Since this one is shorter I'll reply fast,
> looked at this series, but why can't we reuse the currently invalid
> VMS_ALLOC|VMS_ARRAY_OF_POINTER combination?
This only handles allocation of the field as a whole. Say if it's an array
this makes sure the array will be allocated properly on dest. It doesn't
cover the fields in the array.
Btw, it's exactly the given example described below that this wants to do:
>
> /* When loading serialised VM state, allocate memory for the
> * (entire) field. Only valid in combination with
> * VMS_POINTER. Note: Not all combinations with other flags are
> * currently supported, e.g. VMS_ALLOC|VMS_ARRAY_OF_POINTER won't
^^^^^^^^^^^^^^^^^^^^^^^^^^^^^^^^^^^^^^^^^
> * cause the individual entries to be allocated. */
^^^^^^^^^^^^^^^^^^^^^^^^^^^^^^^^^^^^^^^^^^^^^ > <------------------- here
> VMS_ALLOC = 0x2000,
--
Peter Xu
Peter Xu <peterx@redhat.com> writes:
> Introduce a new flag, VMS_ARRAY_OF_POINTER_AUTO_ALLOC, for VMSD field.

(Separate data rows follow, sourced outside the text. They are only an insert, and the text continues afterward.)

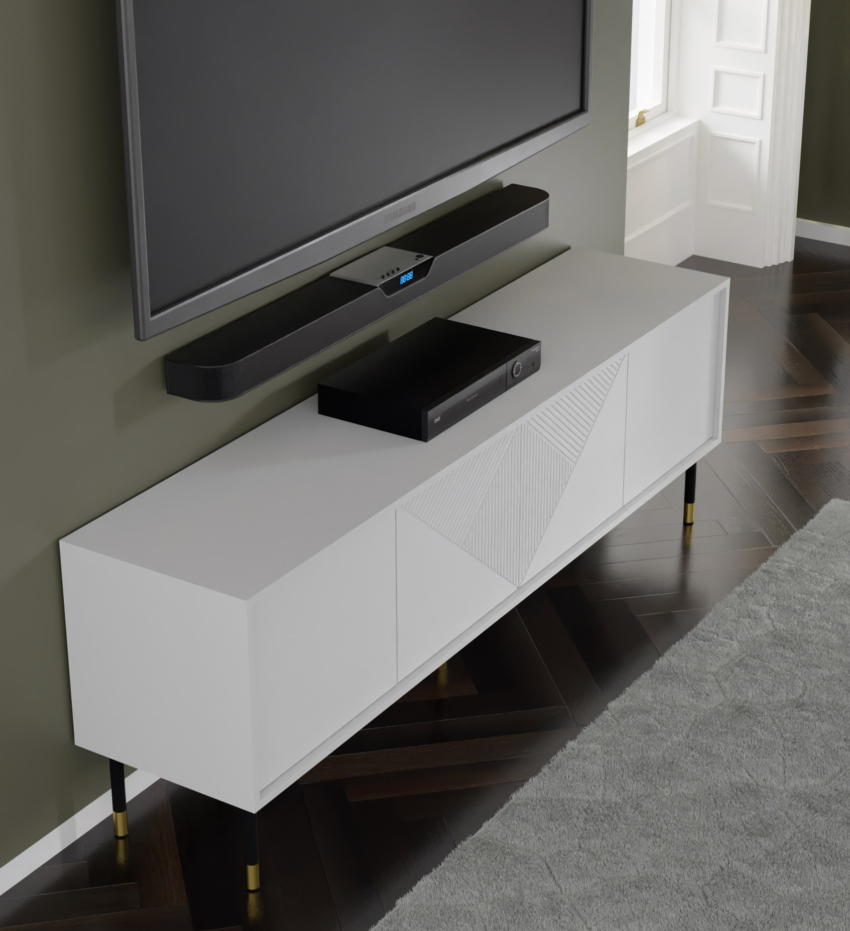Kolekcja Woody w wersji białej to propozycja dla osób, które pragną wprowadzić do swojego salonu harmonię, światło i najwyższej klasy wzornictwo. Prezentowana szafka RTV o szerokości 180 cm to mebel, który optycznie powiększa wnętrze, stając się jego subtelną, a zarazem niezwykle efektowną dominantą. Cały sekret jej uroku tkwi w precyzyjnym frezowaniu frontów – unikalny, geometryczny wzór trójkątów sprawia, że biała powierzchnia nieustannie gra ze światłem, tworząc fascynujące efekty wizualne i przełamując minimalistyczną formę bryły.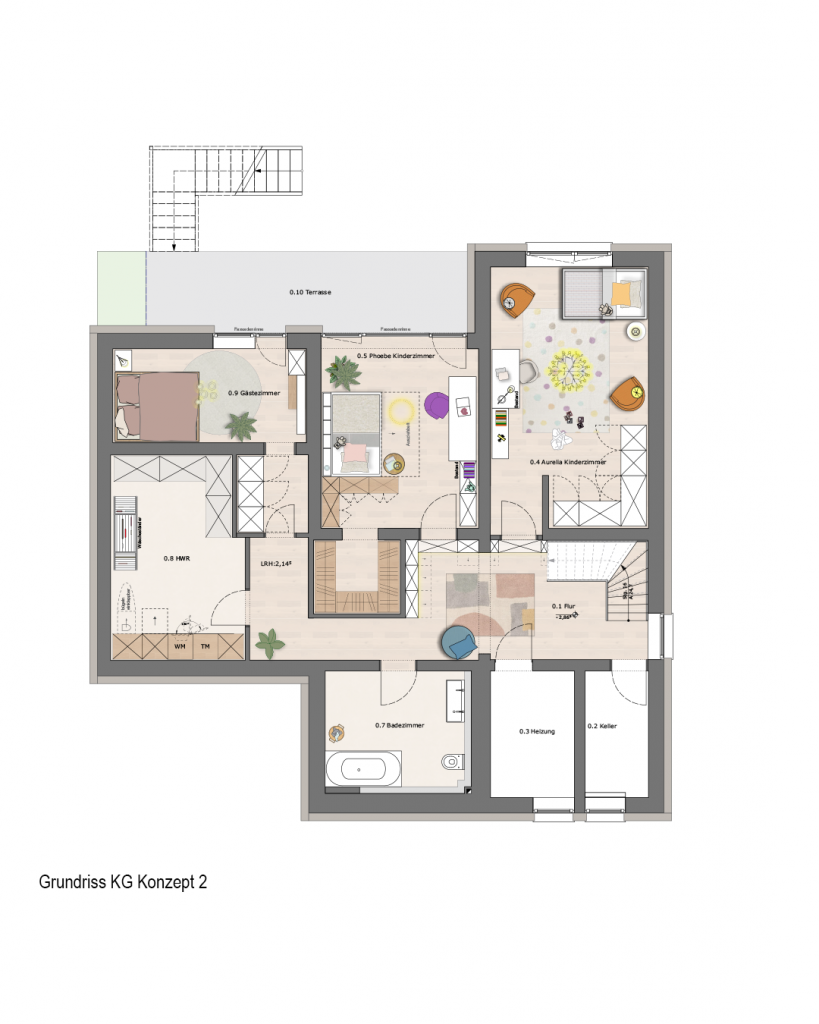 In Konzept 1 wurde die bestehende Grundstruktur des Kellergeschosses bewusst nur minimal verändert, um die vorhandenen Raumbeziehungen zu bewahren und gleichzeitig mit gezielten Maßnahmen mehr Wohnqualität zu schaffen. Die beiden Kinderzimmer wurden gartenseitig positioniert – dort, wo sich die besten Belichtungsverhältnisse bieten. Durch diese Anordnung erhalten die Räume nicht nur viel Tageslicht, sondern auch einen angenehmen Bezug zum Außenbereich, was insbesondere für Kinderzimmer einen bedeutenden Mehrwert darstellt.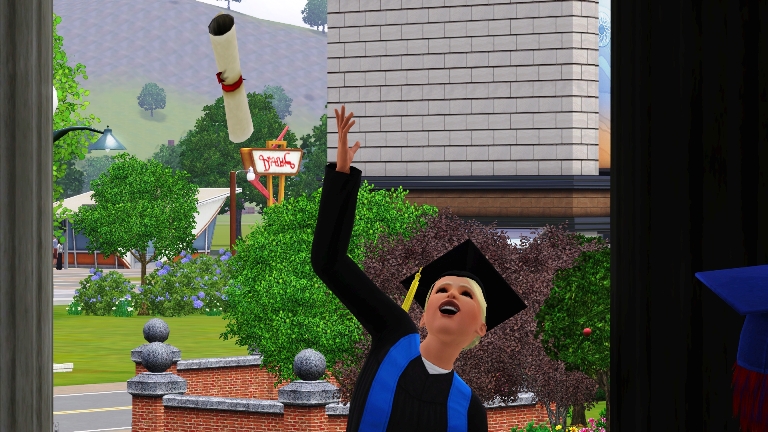 Angelia tosses her diploma in the air.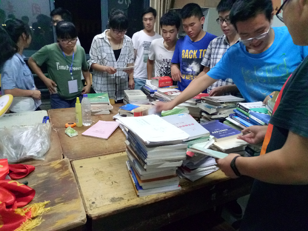 由协会主席将成员分组并分配好任务之后,行动迅速展开。志愿者们上门访问,自我介绍并表明来意,学长们纷纷配合并表示理解并且十分支持志愿者的活动,纷纷拿出自己不再需要的书交给志愿者们,募捐活动结束之后,每一小组都收获颇丰,胸前捧得书都是厚厚的一摞,随后志愿者们将收集上来的书放在一起,并一一分类堆放。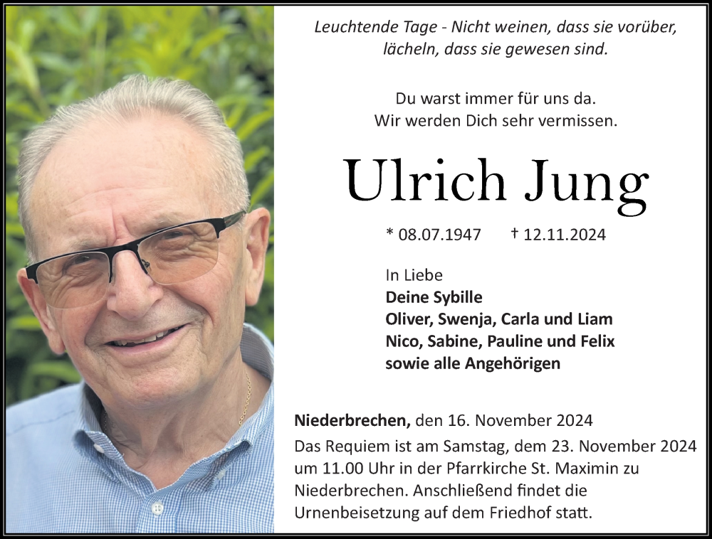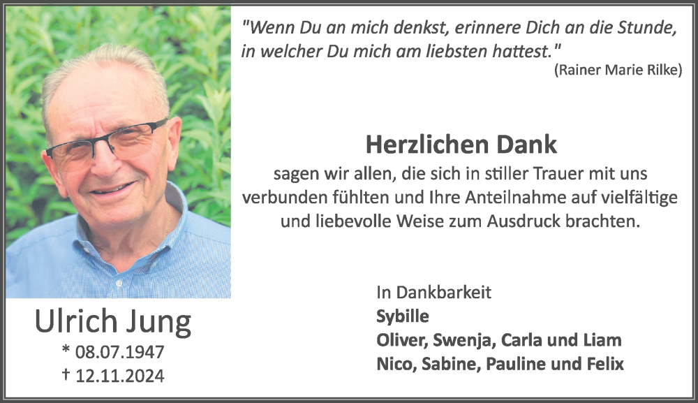 Hier finden Sie alle Traueranzeigen aus der Zeitung, die bisher für Ulrich Jung erschienen sind. Weitere Traueranzeigen, die in der Zeitung erscheinen, werden hier ebenfalls aufgelistet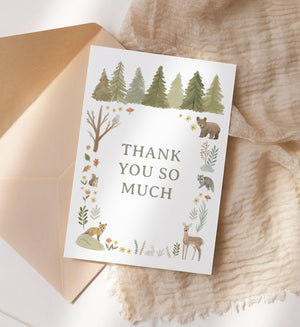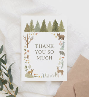 Editable Woodland Baby Shower Folded Thank You Card Template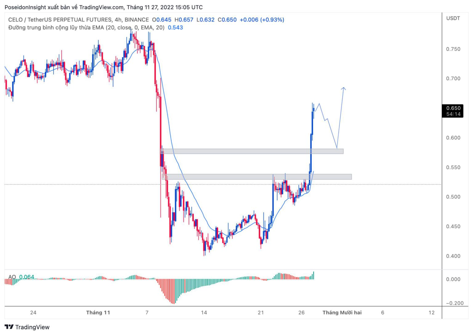 Similarly, CELO had a strong uptrend last week, so I planned to buy when the price retraced to support.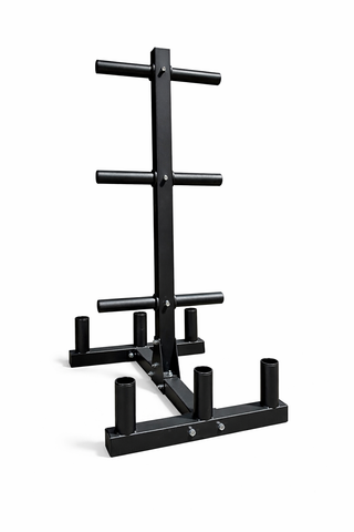 - Six available storage pegs that accommodate 2.5LB-45LB Olympic weight plates and bumper plates.

It
> must be used together with VMS_ARRAY_OF_POINTER.
>
> It can be used to allow migration of an array of pointers where the
> pointers may point to NULLs.
>
> Note that we used to allow migration of a NULL pointer within an array that
> is being migrated. That corresponds to the code around vmstate_info_nullptr
> where we may get/put one byte showing that the element of an array is NULL.
>
> That usage is fine but very limited, it's because even if it will migrate a
> NULL pointer with a marker, it still works in a way that both src and dest
> QEMUs must know exactly which elements of the array are non-NULL, so
> instead of dynamically loading an array (which can have NULL pointers), it
> actually only verifies the known NULL pointers are still NULL pointers
> after migration.
>
> Also, in that case since dest QEMU knows exactly which element is NULL,
> which is not NULL, dest QEMU's device code will manage all allocations for
> the elements before invoking vmstate_load_vmsd().
>
> That's not enough per evolving needs of new device states that may want to
> provide real dynamic array of pointers, like what Alexander proposed here
> with the NVMe device migration:
>
> https://lore.kernel.org/r/20260317102708.126725-1-alexander@mihalicyn.com
>
> This patch is an alternative approach to address the problem.
>
> Along with the flag, introduce two new macros:
>
> VMSTATE_VARRAY_OF_POINTER_TO_STRUCT_UINT{8|32}_ALLOC()
>
> Which will be used very soon in the NVMe series.
>
> Signed-off-by: Peter Xu <peterx@redhat.com>
> ---
> include/migration/vmstate.h | 49 ++++++++++++++++-
> migration/savevm.c | 31 ++++++++++-
> migration/vmstate.c | 101 ++++++++++++++++++++++++++++++++----
> 3 files changed, 169 insertions(+), 12 deletions(-)
>
> diff --git a/include/migration/vmstate.h b/include/migration/vmstate.h
> index 2e51b5ea04..70bebc60ed 100644
> --- a/include/migration/vmstate.h
> +++ b/include/migration/vmstate.h
> @@ -161,8 +161,19 @@ enum VMStateFlags {
> * structure we are referencing to use. */
> VMS_VSTRUCT = 0x8000,
>
> + /*
> + * This is a sub-flag for VMS_ARRAY_OF_POINTER, so VMS_ARRAY_OF_POINTER
> + * must be set altogether. When set, it means array elements can
> + * contain either valid or NULL pointers, vmstate core will sync it
> + * between the two QEMU instances via the stream protocol. When it's a
Not sure I understand what "will sync it" means. Isn't that just what
migration does?
> + * valid pointer, the vmstate core will be responsible to do the proper
> + * memory allocations. It also means user of this flag must prepare
> + * the array to be all NULLs otherwise memory may leak.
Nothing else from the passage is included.